Darrin: Oh, gosh. Where do I begin? So one of the really cool features that we have in our product — and it’s the one thing that I think we get people most excited about or that they get most excited about and want to communicate to us — is our integrations that we have where we push those coaching messages out to people. And, you know, we don’t — despite what people might think about AI and, you know, how much power of predictive capability AI has — you know, we can’t always just craft the surreal moments that happen in terms of the timing when they get certain messages about certain people. But we get regular messages like, oh, my gosh, I got your coaching insight about this person right as I was about to walk into that conversation about pay. And, you know, every time I have a pay conversation, it just goes negatively. I walk out disappointed and, you know, feeling like that was a failure. And this time I got your coaching tip, and it was about, you know, it wasn’t even about pay. Right. It was just more about behavioral and how to — I think this specific example was more about just pacing and how they craft the message and how they’re thinking about communicating. And it gave her — gave this particular person — just enough insight to be conscientious about it as she was walking into that conversation. She was like, it was the best conversation I had about pay in my entire career. And we get those kinds of stories on a daily basis.
Kirsten: We actually also have one of our own. There was a time actually a couple of years ago when that feature was still just in beta, and I was trying to convince Darrin of something. And I was starting to get frustrated because I respond to things with emotion and with thinking about theories of, you know, what does this — how does this impact the next three years of our company, and that kind of stuff. And I had a meeting scheduled with Darrin one day to have yet another conversation about something I thought was really important. And I got a tip in the morning and it said, don’t convince Darrin with theories and emotions, but focus on facts. And so I just —
Katie: Oh, my goodness.
Kirsten: I know. And I was like, wow, if I think back through, saying, I’m overwhelmed, this is important for the future, I realize that is all emotions and theories. So I just — I took the exact same information and I literally just made a bullet point and then I put it on the whiteboard for him. And we had the most productive conversation and ended up coming to a really good, productive conclusion together that we both were really happy about. And even today, we still talk about the importance of that decision we made. And it was from our own product. It was really — it was just a surreal moment. It was really cool.
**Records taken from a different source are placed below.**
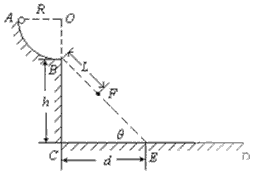 圆形轨道,竖直BC段高h=5m,CD段为水平轨道。一质量为0.1kg的小球由A点从静止开始下滑到B点时速度的大小为2m/s,离开B点后做平抛运动(g=10m/s2),求: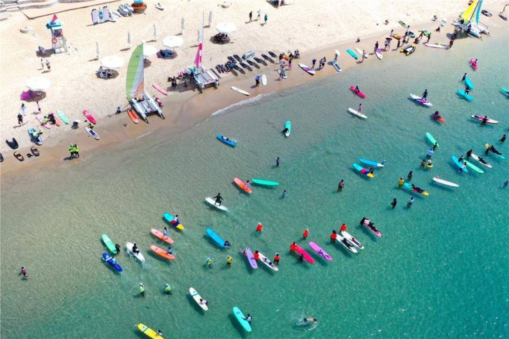 暑期,许多游客来到海南三亚,学习体验冲浪,感受与海共舞的乐趣。??8月10日,游客在三亚市后海村附近海域冲浪嬉水。
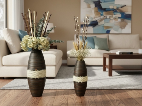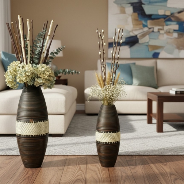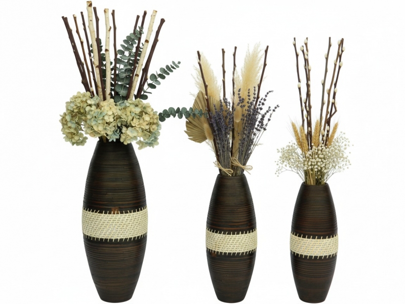 This elegant set of three decorative bamboo vases offers a sophisticated touch to any modern or rustic interior. Each vase, varying in height, is meticulously crafted from dark-stained bamboo, showcasing a unique ridged texture that adds depth and visual interest. A striking central band of light, intricately woven rattan or natural fiber beautifully contrasts with the darker body, enhancing their contemporary appeal. Perfect for adding organic charm, these versatile vases can serve as standalone statement pieces or hold dried botanicals, complementing a wide range of decor styles from minimalist to bohemian. Elevate your home or office space with these eco-friendly and stylish decorative accents.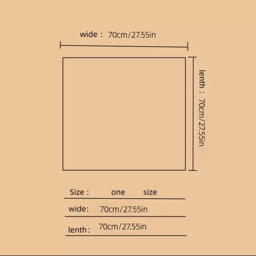 This scarf can be used in the hair, on the neck, or added to a handbag. There are several fun uses for a scarf. They add so much to an outfit. This scarf is approximately 26” x 26”.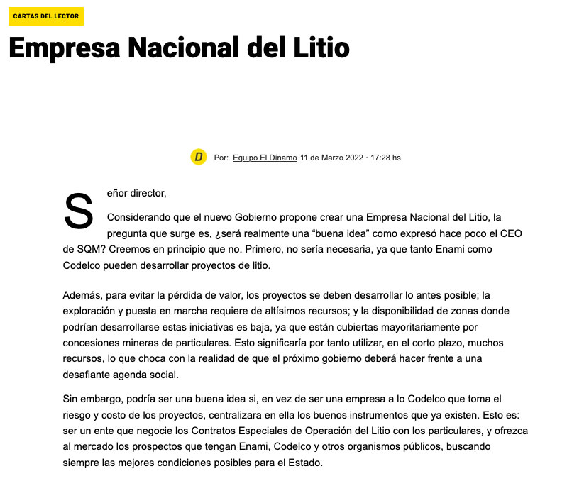 Empresa Nacional del Litio - (El Mercurio de Antofagasta)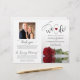 This beautiful wedding program is both modern and elegant. The DIY folded design features modern script lettering on the front reading "we do" with the names of the couple and wedding date/location. There is a photo of a beautiful long-stemmed red rose reflecting in a pool of water with waves and ripples. The inside has the same flower as a watermark background with space for the ceremony and bridal party details. The back has your photo, along with space for a customisable thank you note, and a memorial note to recognise lost loved ones. Sophisticated, stylish, and chic, these programs will add class and style to your wedding celebration.

Katie: I love that example. That is so powerful. And I’m thinking of the earlier story you shared, too. Now that we’re all transitioning into new ways of working in light of this pandemic, and you were able to pull up some insights from one of your team members and adapt your advice based on some of the concerns that he might have in his struggle to start remote work. It’s so — really moving.
Kirsten: I think one of the cool things about our platform is it is so human. I mean, it’s a technology platform, but it’s based off of psychology data and it’s all about humans and how do we work and how can we be fulfilled and energized. And so we actually have endless stories about it. And Darrin and I are just trying to figure out more ways to tell it, like the TED talk that I just did or like our e-mail campaigns that we work on. How do we make them not about features, but about, hey this person had this experience, you could have it, too — by the way, with this feature. You know, just building story into really everything that we do.
Katie: This is a trend in some of these podcast interviews we’ve been — as I’ve been chatting with different thought leaders in the innovation space, something that’s come up is the relationship between experience and story. And so it’s not really — you know, it’s a little bit harder to think about story when it comes to just articulating product specs and some of the features, like you mentioned. But when you’re trying to express the experience or the emotional relatability of a product and how it’s going to improve your work life, the story can have such a bigger impact. So there’s, I think, a relationship there we need to keep diving into when it comes to, if you are as a brand leaning into the experience you’re trying to create for consumers or users, think about how you can use story as a way to express that experience.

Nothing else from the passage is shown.